◆ TASK DESCRIPTION: Reproduce nothing beyond the line containing "在学校中转货场,潘锦全详细了". From the first line of the data below down to it, copy each line exactly, without the pictures.

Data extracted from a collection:
Segment Open

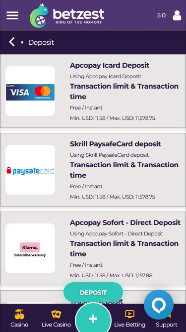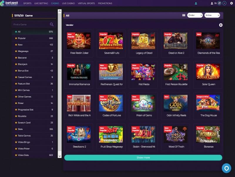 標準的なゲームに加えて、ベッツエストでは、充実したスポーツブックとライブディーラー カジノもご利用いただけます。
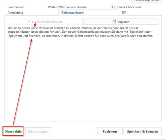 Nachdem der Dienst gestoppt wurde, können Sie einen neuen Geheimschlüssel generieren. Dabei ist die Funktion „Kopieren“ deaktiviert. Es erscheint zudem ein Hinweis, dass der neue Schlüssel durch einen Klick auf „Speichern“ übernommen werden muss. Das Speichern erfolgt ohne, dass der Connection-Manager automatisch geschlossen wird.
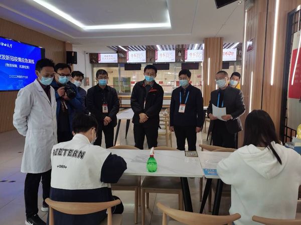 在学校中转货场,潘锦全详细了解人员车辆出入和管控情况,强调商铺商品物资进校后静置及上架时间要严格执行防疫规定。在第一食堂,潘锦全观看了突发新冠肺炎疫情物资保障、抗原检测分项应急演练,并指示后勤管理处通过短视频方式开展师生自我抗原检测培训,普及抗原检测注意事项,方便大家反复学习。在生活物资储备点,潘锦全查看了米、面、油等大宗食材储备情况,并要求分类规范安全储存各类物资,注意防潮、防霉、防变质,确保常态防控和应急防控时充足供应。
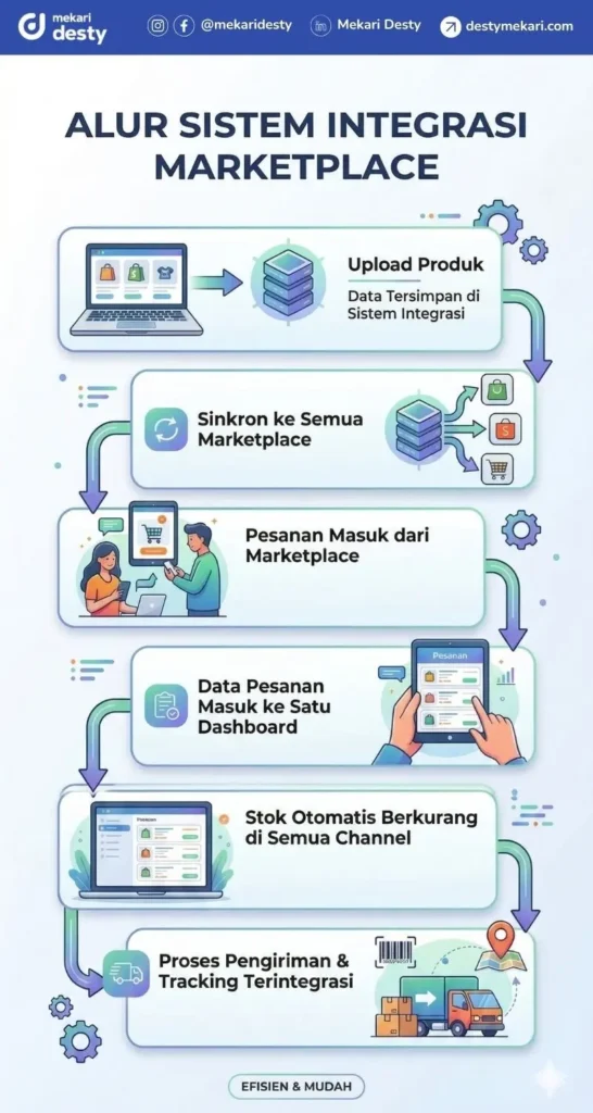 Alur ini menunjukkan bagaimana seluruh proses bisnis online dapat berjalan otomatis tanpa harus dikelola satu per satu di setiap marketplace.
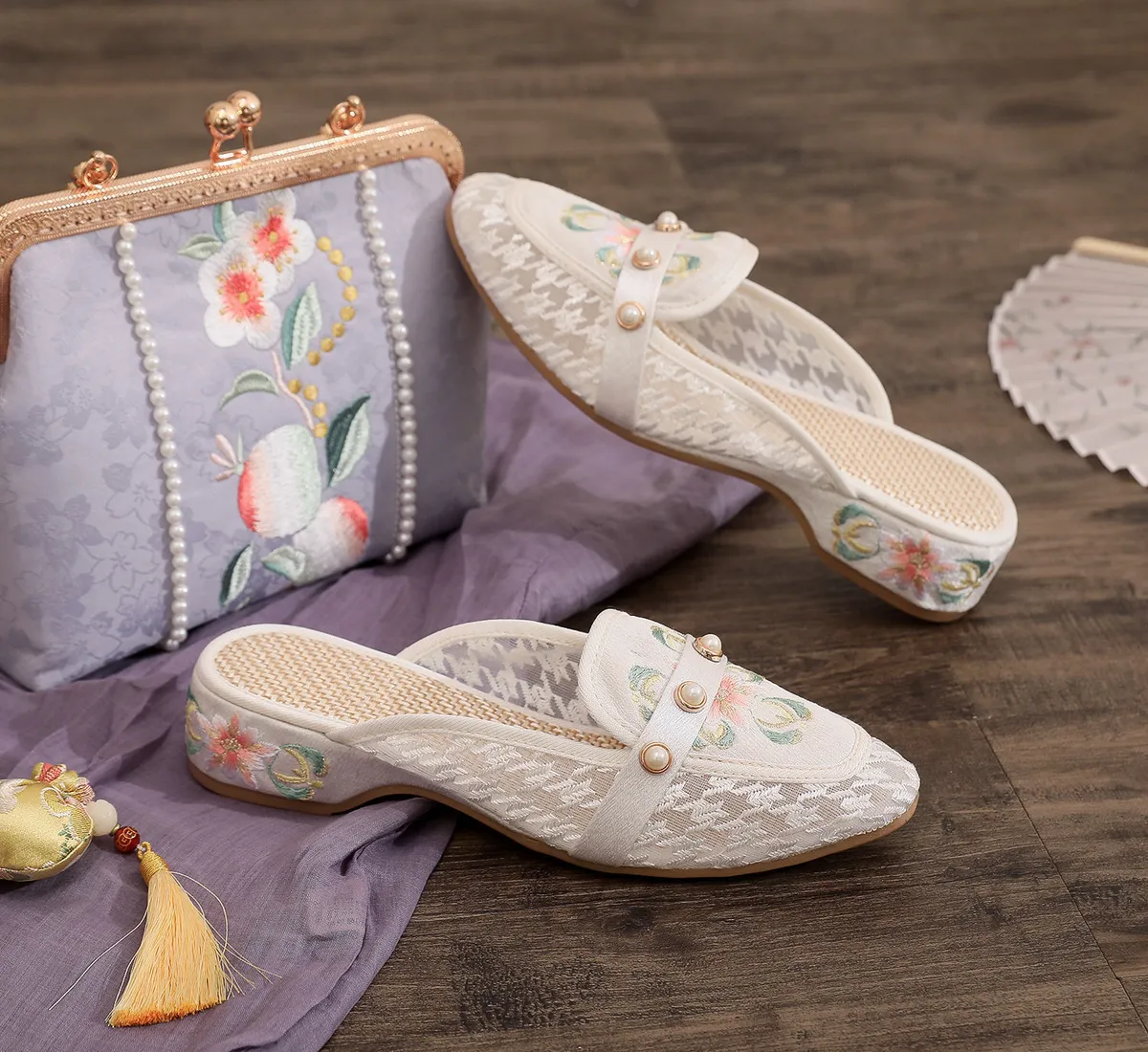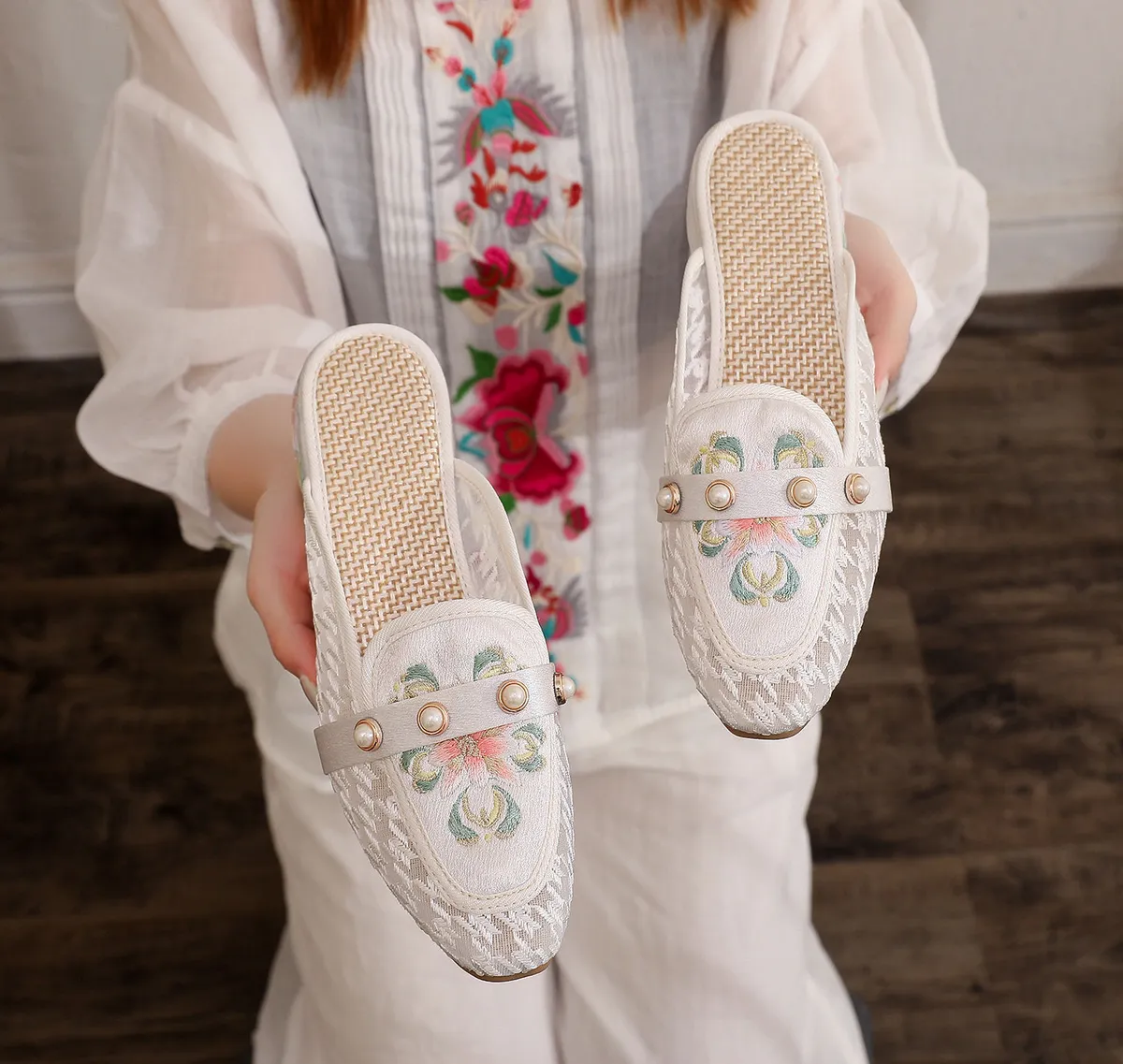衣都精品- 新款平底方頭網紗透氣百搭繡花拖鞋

Segment Closed

◆ SOLUTION BELOW:
 標準的なゲームに加えて、ベッツエストでは、充実したスポーツブックとライブディーラー カジノもご利用いただけます。
 Nachdem der Dienst gestoppt wurde, können Sie einen neuen Geheimschlüssel generieren. Dabei ist die Funktion „Kopieren“ deaktiviert. Es erscheint zudem ein Hinweis, dass der neue Schlüssel durch einen Klick auf „Speichern“ übernommen werden muss. Das Speichern erfolgt ohne, dass der Connection-Manager automatisch geschlossen wird.
 在学校中转货场,潘锦全详细了解人员车辆出入和管控情况,强调商铺商品物资进校后静置及上架时间要严格执行防疫规定。在第一食堂,潘锦全观看了突发新冠肺炎疫情物资保障、抗原检测分项应急演练,并指示后勤管理处通过短视频方式开展师生自我抗原检测培训,普及抗原检测注意事项,方便大家反复学习。在生活物资储备点,潘锦全查看了米、面、油等大宗食材储备情况,并要求分类规范安全储存各类物资,注意防潮、防霉、防变质,确保常态防控和应急防控时充足供应。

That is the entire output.